(Supplied records Opens)

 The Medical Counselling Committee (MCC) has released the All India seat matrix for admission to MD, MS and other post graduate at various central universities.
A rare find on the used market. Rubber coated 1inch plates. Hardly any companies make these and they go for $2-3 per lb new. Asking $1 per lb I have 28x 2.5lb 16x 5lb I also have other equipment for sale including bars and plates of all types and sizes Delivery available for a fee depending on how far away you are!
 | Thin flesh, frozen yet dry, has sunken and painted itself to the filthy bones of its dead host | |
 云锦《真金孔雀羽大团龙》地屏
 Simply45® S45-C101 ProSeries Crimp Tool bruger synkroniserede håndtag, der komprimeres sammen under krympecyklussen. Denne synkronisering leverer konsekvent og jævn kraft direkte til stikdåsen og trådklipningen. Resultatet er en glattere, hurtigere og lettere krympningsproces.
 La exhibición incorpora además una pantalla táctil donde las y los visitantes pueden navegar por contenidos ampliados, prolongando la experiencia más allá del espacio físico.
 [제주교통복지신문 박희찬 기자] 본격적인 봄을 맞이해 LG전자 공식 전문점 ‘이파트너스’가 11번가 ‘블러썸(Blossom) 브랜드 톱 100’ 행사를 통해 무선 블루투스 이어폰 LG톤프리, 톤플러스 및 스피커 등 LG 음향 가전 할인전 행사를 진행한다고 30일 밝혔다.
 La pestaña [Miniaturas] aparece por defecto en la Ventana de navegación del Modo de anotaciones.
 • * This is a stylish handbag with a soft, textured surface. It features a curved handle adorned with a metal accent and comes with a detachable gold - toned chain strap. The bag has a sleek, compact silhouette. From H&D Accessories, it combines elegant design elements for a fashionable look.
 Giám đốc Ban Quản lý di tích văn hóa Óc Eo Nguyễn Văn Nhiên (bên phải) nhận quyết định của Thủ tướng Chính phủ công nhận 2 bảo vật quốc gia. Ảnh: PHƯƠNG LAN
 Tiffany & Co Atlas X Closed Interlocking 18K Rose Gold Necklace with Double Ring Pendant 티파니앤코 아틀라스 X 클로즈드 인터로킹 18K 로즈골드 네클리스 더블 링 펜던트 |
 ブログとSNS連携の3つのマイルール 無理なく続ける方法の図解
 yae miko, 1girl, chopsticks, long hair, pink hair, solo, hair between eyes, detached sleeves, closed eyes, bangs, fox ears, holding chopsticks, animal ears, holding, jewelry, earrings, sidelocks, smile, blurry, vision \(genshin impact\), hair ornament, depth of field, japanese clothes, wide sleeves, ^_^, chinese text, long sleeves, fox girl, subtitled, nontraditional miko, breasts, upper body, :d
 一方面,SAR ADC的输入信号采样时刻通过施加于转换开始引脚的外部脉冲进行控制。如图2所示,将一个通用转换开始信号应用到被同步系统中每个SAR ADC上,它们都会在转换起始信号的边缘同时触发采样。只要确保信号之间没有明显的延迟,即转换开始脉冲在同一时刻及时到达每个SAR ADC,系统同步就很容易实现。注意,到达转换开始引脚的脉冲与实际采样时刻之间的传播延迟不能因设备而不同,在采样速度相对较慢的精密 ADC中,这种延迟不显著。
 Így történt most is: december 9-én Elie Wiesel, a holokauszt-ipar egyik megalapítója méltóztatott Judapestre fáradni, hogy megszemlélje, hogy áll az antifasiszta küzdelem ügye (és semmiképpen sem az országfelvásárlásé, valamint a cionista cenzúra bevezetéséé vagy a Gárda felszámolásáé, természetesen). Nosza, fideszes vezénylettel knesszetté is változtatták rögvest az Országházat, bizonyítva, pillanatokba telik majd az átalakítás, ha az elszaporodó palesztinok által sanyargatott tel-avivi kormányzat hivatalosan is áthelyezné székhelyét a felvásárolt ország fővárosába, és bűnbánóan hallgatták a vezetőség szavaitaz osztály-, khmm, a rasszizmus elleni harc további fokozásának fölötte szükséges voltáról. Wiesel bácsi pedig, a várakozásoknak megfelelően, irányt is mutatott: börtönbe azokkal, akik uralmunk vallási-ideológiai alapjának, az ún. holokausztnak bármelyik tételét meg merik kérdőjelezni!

(Supplied records Closes)

• Activity
Look above for the line holding "dead host | |", then set down exactly that line and every line after it up to and including the line holding "a fashionable look.", with nothing else.

• Answer area
 | Thin flesh, frozen yet dry, has sunken and painted itself to the filthy bones of its dead host | |
 云锦《真金孔雀羽大团龙》地屏
 Simply45® S45-C101 ProSeries Crimp Tool bruger synkroniserede håndtag, der komprimeres sammen under krympecyklussen. Denne synkronisering leverer konsekvent og jævn kraft direkte til stikdåsen og trådklipningen. Resultatet er en glattere, hurtigere og lettere krympningsproces.
 La exhibición incorpora además una pantalla táctil donde las y los visitantes pueden navegar por contenidos ampliados, prolongando la experiencia más allá del espacio físico.
 [제주교통복지신문 박희찬 기자] 본격적인 봄을 맞이해 LG전자 공식 전문점 ‘이파트너스’가 11번가 ‘블러썸(Blossom) 브랜드 톱 100’ 행사를 통해 무선 블루투스 이어폰 LG톤프리, 톤플러스 및 스피커 등 LG 음향 가전 할인전 행사를 진행한다고 30일 밝혔다.
 La pestaña [Miniaturas] aparece por defecto en la Ventana de navegación del Modo de anotaciones.
 • * This is a stylish handbag with a soft, textured surface. It features a curved handle adorned with a metal accent and comes with a detachable gold - toned chain strap. The bag has a sleek, compact silhouette. From H&D Accessories, it combines elegant design elements for a fashionable look.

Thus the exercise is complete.